Across the study, both F. nucleatum and B. fragilis were detected at least once at all tissue sites tested, with the exception of involved lymph nodes. One of the four loco-regional metastases (the fallopian tube metastasis) tested positive for both bacterial species.
Of the five patients with synchronous tumours, discordant results were observed for one case (patient 08), who tested positive for both species in tumour 1 and neither species in tumour 2 (Fig 1A).
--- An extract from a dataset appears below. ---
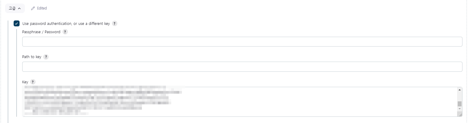 ssh publisher 설정에서 고급을 누르고 2-2에서 복사한 개인키를 Key 부분에 넣어줍니다.

F. nucleatum and B. fragilis detection correlates with total bacterial load
Two sets of primers targeting amplification of 16S rRNA sequences were used to assess total bacterial load in all TLS samples from the site investigation stage and investigate any correlation with F. nucleatum and/or B. fragilis detection. Relative PCR amplification of 16S was significantly higher using the 16S-TFS primer set compared to the 16S-IDT primer set. However, data obtained using both primer sets were concordant (Kendall’s tau-b 0.80, P < 0.0001; Spearman’s Rho 0.94, P < 0.0001; S2 Fig). 16S amplification data obtained using the 16S-TFS primers were used for all subsequent analyses, since these data were normally distributed.
There was a strong positive correlation between total bacterial load and relative abundance of both F. nucleatum and B. fragilis at the TLS (Fig 2A and 2B). A strong association between total bacterial load and species positivity status was also observed (Fig 2C). Tumours in which relative amplification of 16S rRNA sequences was higher than the median value were more than seven times more likely to be F. nucleatum positive and almost five times more likely to be B. fragilis positive compared to tumours with 16S rRNA detection below the median value (odds ratio (OR) 7.3, 95% confidence interval (CI) 1.8–30.7, P = 0.006 and OR 4.8, 95% CI 1.5–15.6, P = 0.01, respectively; logistic regression). Using multinomial logistic regression, tumours with a higher than median total bacterial load were almost 34 times more likely to be positive for both F. nucleatum and B. fragilis compared to tumours with a lower than median load (OR 33.7, 95% CI 3.2–351.0, P = 0.003). However, the wide confidence intervals for these differences should be acknowledged.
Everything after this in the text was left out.